So fällt zum Beispiel sofort auf, das die Sprache von der Terminologie her aber so etwas von gar nicht in die Zeit des Alten Ägypten passt. Mit den permanent anzutreffenden anglistischen Maßeinheiten „Meilen“ (S. 123 u.ö.), „Morgen Land“ (S. 47 u.ö.) oder auch der Rede von Geldtransfers (S. 344) fühlt man sich im völlig falschen Film bzw. Buch. Jemanden „die Leviten lesen“( S. 38) ist im Jahr 1450 v.Chr. auch anachronistisch, da es Leviten in Israel erst sehr viel später gab. Den Vogel schießen aber die „Ventilatoren“ ab, die auf S. 133 genannt werden (mit elektrischem Strom?). Auch für „Ingenieure“, „Techniker“ oder „Nekropolis“ hätte man durchaus passendere Begriffe finden können. Kurz: sprachlich ist das Buch ein einziges No-Go!
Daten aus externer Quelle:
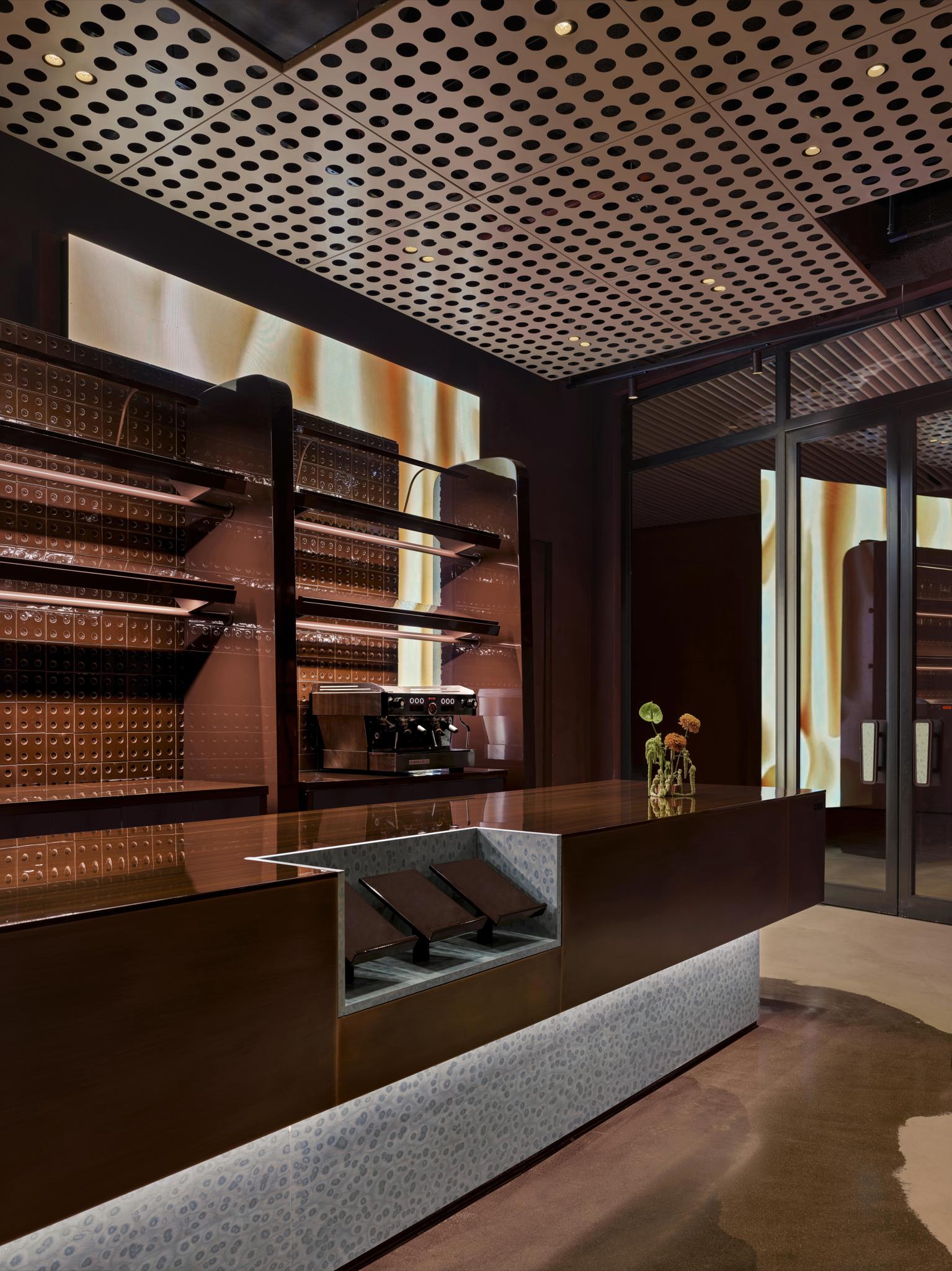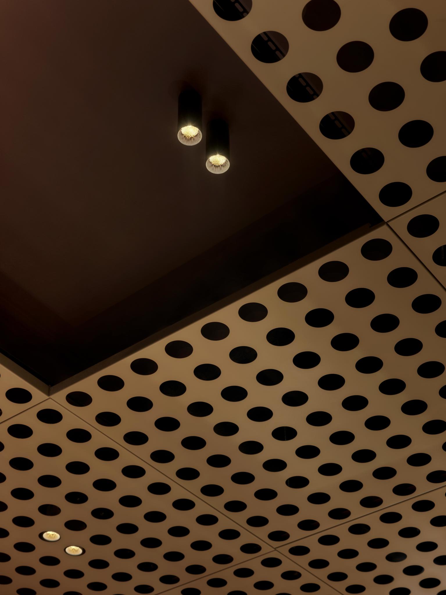 The perforated ceiling system introduces a secondary layer of order. Its repetitive circular grid conceals technical infrastructure while reinforcing the project’s modular discipline. Integrated lighting is recessed and restrained, allowing the illuminated product shelves and vertical light panels to act as primary luminous elements within the space.

Inhaltlich ist das Buch recht eindimensional gestrickt. Hatschepsut, die durchaus auch mal Hadschepsut (S. 186) geschrieben wird, ist von Anfang an die von Gott erwählte, rechtmäßige Pharaonin, klug und außerordentlich attraktiv-erotisch bis zum letzten Atemzug. Zudem wird ihre Regierungszeit als eine kulturell-blühende Friedensherrschaft verklärt. Wie zu erwarten kommen die männlichen Pharaonen ausnahmslos schlecht weg. Ihr Vater Thutmosis I. wird am Ende seines Lebens als alter Sack geschildert, dessen einziges Verdienst im Leben war, Hatschepsut zur Thronerbin auszurufen (was historisch falsch ist). Ihr Ehemann Thutmosis II. (im Roman als ihr Stiefbruder bezeichnet – auch das ist falsch!) ist ein unfähiger Trottel und Feigling, der nur Fressen, Saufen und Weiber im Kopf hat, und ihr das Regieren überlässt. Ihr späterer Rivale und Nachfolger Thutmosis III. schließlich ist der gemeine Schurke, der ihr die unrechtmäßig die Krone entreißt. Als übler Kriegstreiber wird er das ägyptische Volk ins Tal der Tränen führen. Das geht aber dann doch zu weit, gilt Thutmosis III. doch als einer der größten Pharaonen überhaupt, der mit seiner Expansionspolitik maßgeblich den Grundstein für die Größe Ägyptens im Neuen Reich gelegt hat.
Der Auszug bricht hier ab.